··· Data provided
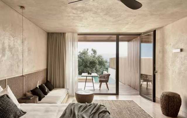酒店的軟裝設計中,結合了藤條、竹子和木材等元素,體現出了桑特島上的希脂風情。
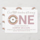 Boho rainbow first baby birthday invitation. This muted colour invitation in brown, purple, and white has the word "One" in large letters with two rainbows & a heart as the first letter of the word. Simply customise this invitation, add it to your cart, and happy birthday to your wonderful baby!
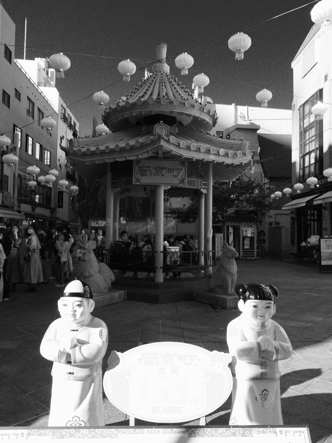 見事な青空が広がる日に、街中、赤が印象的な神戸・南京町で撮影。プリセット内容によってかなり印象が変わることがわかります。赤外フィルムのような効果が得られるプリセット3がやはり印象的ながら、真ん中の看板や左の人形「財財」の顔が白くなりすぎてしまうことから、最終的にハイライト&シャドウコントロールでハイライトをできるだけ下げてシャドウは少し持ち上げてみました。
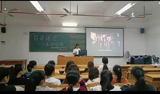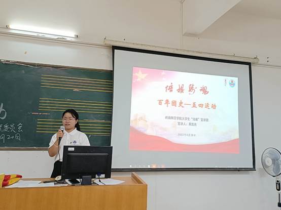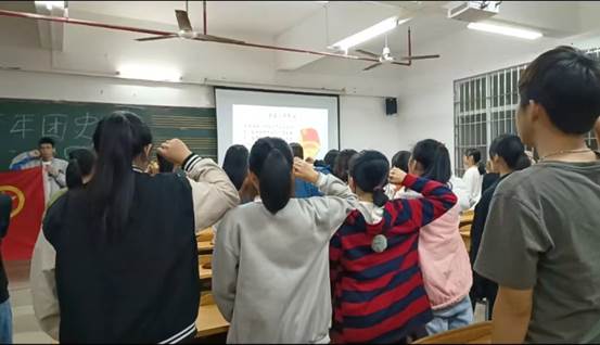 活动伊始,同学们观看爱国主义电影《我的1919》,对五四运动背景和经过有了初步的了解与认识。黄凯燕对五四运动、五四精神及其历史意义进行了阐述,宣讲中带着大家提问互动回顾中国共产主义青年团的发展历程,并在过程中重温入团誓词,以视、听、互动等方式营造沉浸式的学习体验,加强同学们的情感共鸣,让同学们深刻领悟中国青年强烈的爱国情怀。
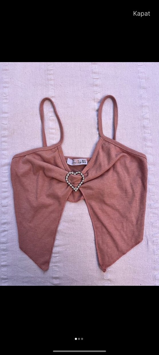 İnce askılı, kalp şeklinde tokası olan triko crop top. Normal boyda ve midi kesime sahip, pastel pembe renkte, rahat sokak stili için uygun.
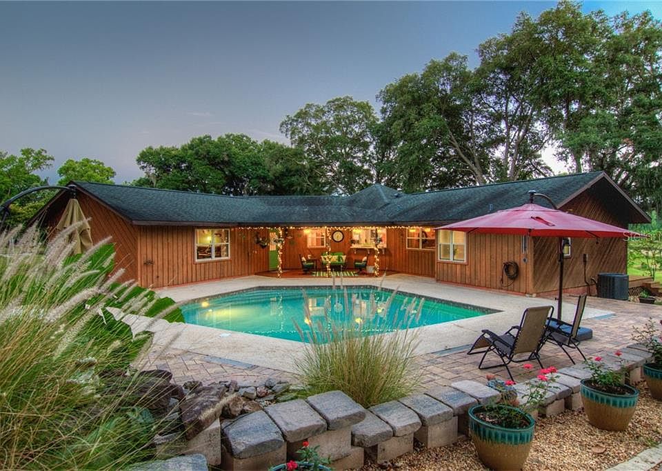 PRICE REDUCTION!! LAKE FRONT COUNTRY HOME! If you are looking for peace and tranquilly in the country, yet conveniently located for easy commutes, you have found it. Well maintained and tastefully updated, this Hillside Lakefront Country Home is perfectly situated on 9.30 acres and is less than 5 miles from I-75. This Custom Cedar home features 3 spacious Bedrooms, 3 full Bathrooms, a large Family Room, Living Room and recently renovated Gourmet Kitchen with Granite Countertops and Stainless-Steel Appliances. The design of the home perfectly captures and features the rolling terrain that leads down to LAKE JASMINE. If you enjoy watching the Sunrises or Sunsets, you will have the perfect seat on the wood deck that wraps ¾ of the home. The family will certainly enjoy the saltwater inground swimming pool and the outdoor BBQ area. As an extra bonus, there is a detached 1,500sf Workshop/Barn with a climate-controlled storage room and concrete floor, the perfect Man Cave. Lister Road is a private access road maintained by homeowners. There is NO Deed Restrictions or Homeowners Association.
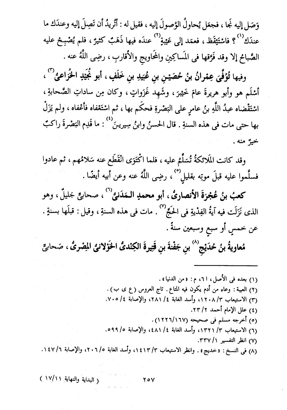 وَفِيهَا تُوُفِّيَ عِمْرَانُ بْنُ حُصَيْنِ بْنِ عُبَيْدِ بْنِ خَلَفٍ، أَبُو نُجَيدٍ الْخُزَاعِيُّ
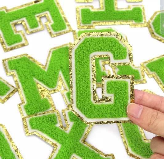 Basketball Chenille Iron On Gold Glitter Letter Patches
······
Reproduce word for word, with pictures dropped, only the part of the material above that opens with the line containing "Boho rainbow first" and closes with the line containing "İnce askılı, kalp".

Output of the exercise:
 Boho rainbow first baby birthday invitation. This muted colour invitation in brown, purple, and white has the word "One" in large letters with two rainbows & a heart as the first letter of the word. Simply customise this invitation, add it to your cart, and happy birthday to your wonderful baby!
 見事な青空が広がる日に、街中、赤が印象的な神戸・南京町で撮影。プリセット内容によってかなり印象が変わることがわかります。赤外フィルムのような効果が得られるプリセット3がやはり印象的ながら、真ん中の看板や左の人形「財財」の顔が白くなりすぎてしまうことから、最終的にハイライト&シャドウコントロールでハイライトをできるだけ下げてシャドウは少し持ち上げてみました。
 活动伊始,同学们观看爱国主义电影《我的1919》,对五四运动背景和经过有了初步的了解与认识。黄凯燕对五四运动、五四精神及其历史意义进行了阐述,宣讲中带着大家提问互动回顾中国共产主义青年团的发展历程,并在过程中重温入团誓词,以视、听、互动等方式营造沉浸式的学习体验,加强同学们的情感共鸣,让同学们深刻领悟中国青年强烈的爱国情怀。
 İnce askılı, kalp şeklinde tokası olan triko crop top. Normal boyda ve midi kesime sahip, pastel pembe renkte, rahat sokak stili için uygun.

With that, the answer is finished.